I was out to Devils lake fishing and have seen a ton of birds. I am going out to Langdon, Cavalier, and Devils Lake next week for work. I will post up what I see when I return.

My local contacts where I hunt said the numbers are way up over the last couple years with a lot of water around.


----------



## nodakoutdoors.com (Feb 27, 2002)

Dave Owens said:


> The last few weeks i have traveled from Bismarck, Minot, Fargo, Aberdeen SD, Turtle lake etc. Not seeing many ducks from the highways. From first glance looks to be a poor hatch or very late.


I'm seeing the same thing and a few others have been saying the same. Some areas are showing more than others.

There's still a lot in hiding with the molt and late matches so it could/should be a different story in the next couple weeks.


----------



## FLOYD (Oct 3, 2003)

I think Chris hit it on the head. In my trips, I have noticed more broods of very small birds in small road ditch puddles than on the actual sloughs. I think there is a lot of ducks this year, its just really hard to see them at this point.


----------



## CatManJack (Jun 19, 2005)

Dave Owens said:


> The last few weeks i have traveled from Bismarck, Minot, Fargo, Aberdeen SD, Turtle lake etc. Not seeing many ducks from the highways. From first glance looks to be a poor hatch or very late.


Dave you need to get off the highway and take some back roads. I have been at my grandfather's farm by Turtle Lake off and on all summer and have seen some nice broods. They are out there. Should be a stellar season.


----------



## Dave Owens (Nov 11, 2002)

Just telling it like I seen it.


----------



## CatManJack (Jun 19, 2005)

No harm, No foul


----------



## Timber2005 (Jul 8, 2005)

How is the water in the Harvey area? Last year there seemed to be more than normal, is that consistent with this year. How are the duck numbers in this area also??


----------



## Hunter_58346 (May 22, 2003)

For immediate release from Delta Waterfowl&#8230;

Mixed Bag in Spring Breeding Duck, Habitat Survey

BISMARCK, ND-Duck hunters will find a mixed bag of results in the 2005 Waterfowl Breeding Population and Habitat Survey, which was released Friday by the Division of Migratory Bird Management.

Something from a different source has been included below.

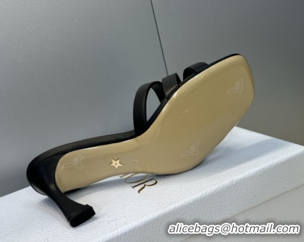 Cheap Price Dior Or 30M Heeled Slides Sandal 8cm in Calfskin Leather with CD Pearl Black 0302076

"The good news is that prairie Canada was wet this spring," says Rob Olson, president of Delta Waterfowl, "but the best news is that the Prairie Pothole Region in both the US and Canada received a lot of moisture after the survey was conducted, so conditions are even better than what the survey suggests.

"Recent rains could mean we'll see a better re-nesting effort from hens this year," says Olson. "More wetlands could also result in improved brood survival. Another benefit is that the ground is soaking up a lot of water, which could translate into improved wetland conditions by next spring."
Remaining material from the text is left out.